Davis has spent her entire industrial career at Dow, based in Midland, Mich. She started in the lab as a senior chemist focusing on water-soluble polymers and renewable chemical feedstocks, eventually heading several large R&D projects and supervising teams of researchers. In April 2016, she moved into her current post, where she interacts across Dow’s multiple businesses, advancing materials and technology that impact consumer and industrial products across many markets.

Anna Davis, far left, was president of the Class of 1992, the first in the modern era to graduate girls. The other class officers are Catherine McGuckin, Todd Goulding, and Alexander Colley.

“When I came to interview here, I was amazed at the depth of science and the significant investment in cutting-edge methods,” Davis said. She attributed Dow’s dominant position in the market to its ability to translate that basic research into products that address important challenges and touch people across the globe. “It is an interesting approach to science,” she said. “A new product isn’t just something to be written up for a journal article. It has to be scaled and go to market.”

Research and development is critical for an international corporation such as Dow, with ties to so many different industries. “We’re introducing new products all the time and improving existing ones,” Davis explained. Having someone in a strategic role who understands the basic chemistry is critical.

A PC lifer, Davis was also in the first class of girls to graduate from Penn Charter and was president of her senior class. She admitted that her career could have gone in many different directions. “I was interested in everything!” she enthused, and not only in the classroom. Davis was a three-sport athlete at PC and played two sports (field hockey and lacrosse) in college. At first she thought she might major in English. “It’s very important that scientists have good communications skills,” she observed, “especially if you want to be in a decision-making position as an academic or at a company.”

Ultimately, though, Davis turned toward chemistry, thanks in large part to Alice Davis’s class. “I think she inspired lots of people in science,” Anna Davis said of her teacher. “It’s a lot easier to pursue science in university if you have a good foundation.” Indeed, Davis is proud that she had a strong enough foundation to take physical chemistry as a Yale freshman.

Anna Davis working in the lab in graduate school.

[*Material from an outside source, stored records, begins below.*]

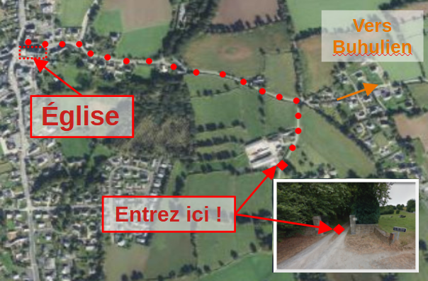 Au premier bosquet d'arbres sur la gauche, il y a un portail, c'est là !
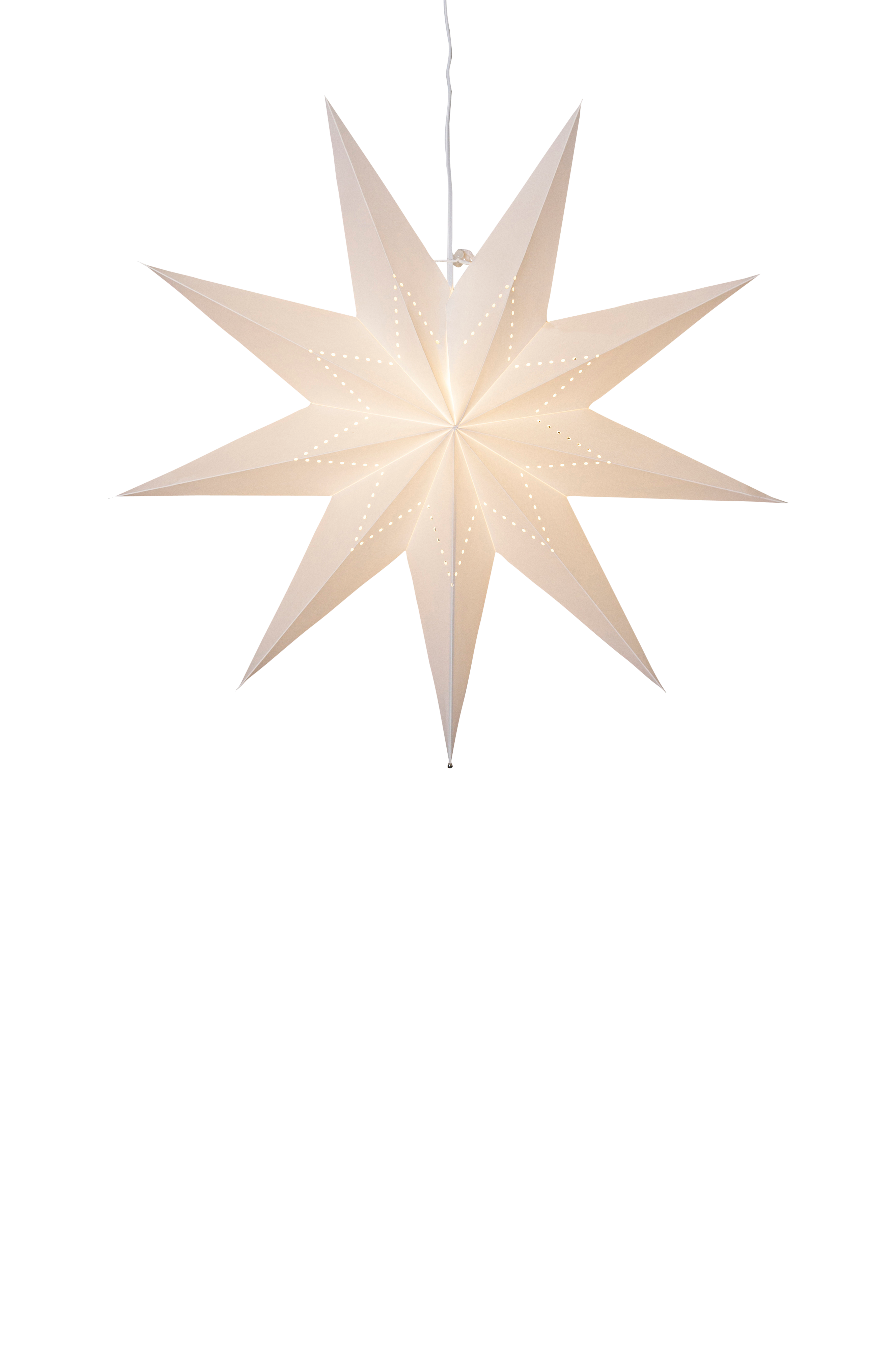 Valkoinen paperitähti, jossa on tähdenmuotoinen reikäkuvio. Ripusta yksi tai useampi tähti yhdessä ikkunaan tai seinää vasten koristamaan joulua ja adventtia varten. Tähti sisältää johtosarjan e14-lamppua varten ja siinä on tilaa yhdelle valonlähteelle.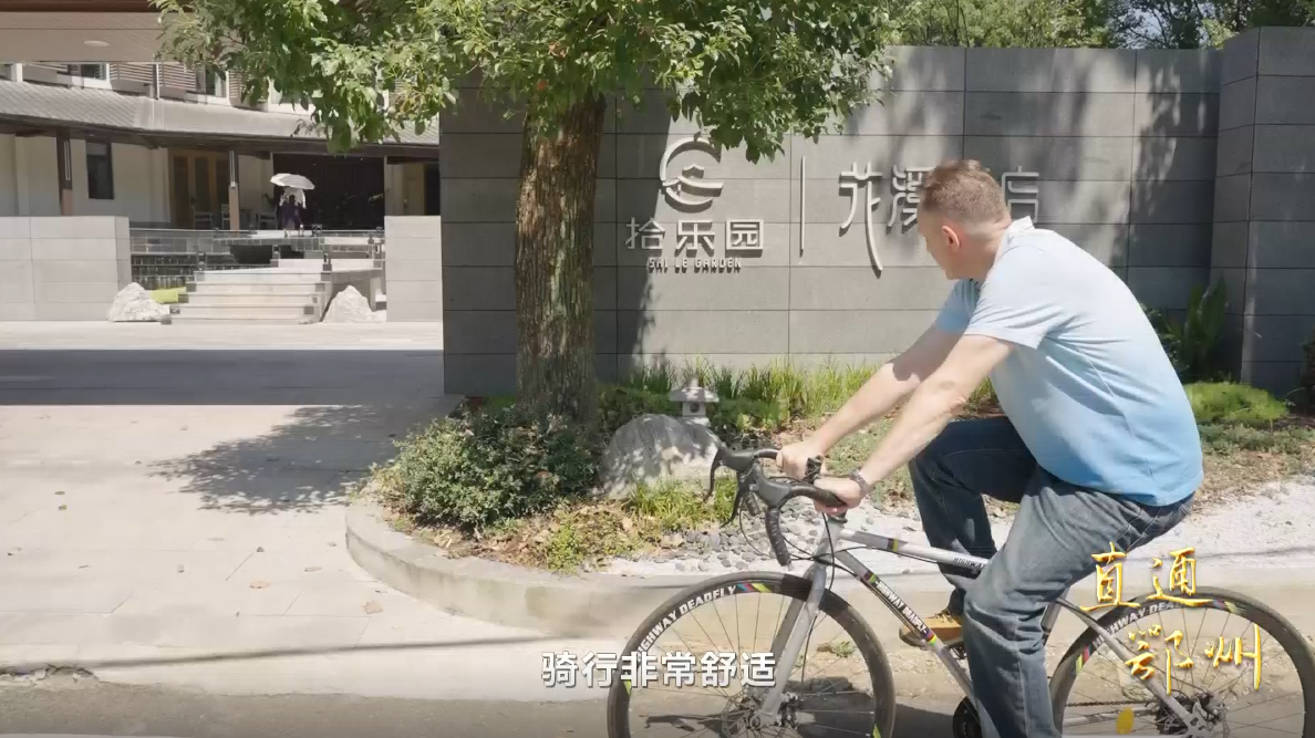 在汉法语外教 弗雷德:“骑行非常舒适,这边的风景非常的美丽宜人。”

“I was good at it, and I could compete with people from all over the country.” Although Alice Davis Hon. 1689 must have been especially proud to see one of the first class of PC girls decide to continue studying chemistry, Anna Davis noted that her classmate Eric Ross OPC ’92 was also in that advanced freshman physical chemistry class at Yale. (Ross is now a professor of biochemistry and molecular biology at Colorado State University.) “She was an equal-opportunity inspirer.” In her current job, Davis must look at the big picture but said that she still feels connected to the basic research that goes on in the lab. “I miss being on the frontlines of discovery and innovation in the lab, but I’m still connected to it,” she said. “We wouldn’t be good at what we do if we didn’t have strong ties to the fundamentals.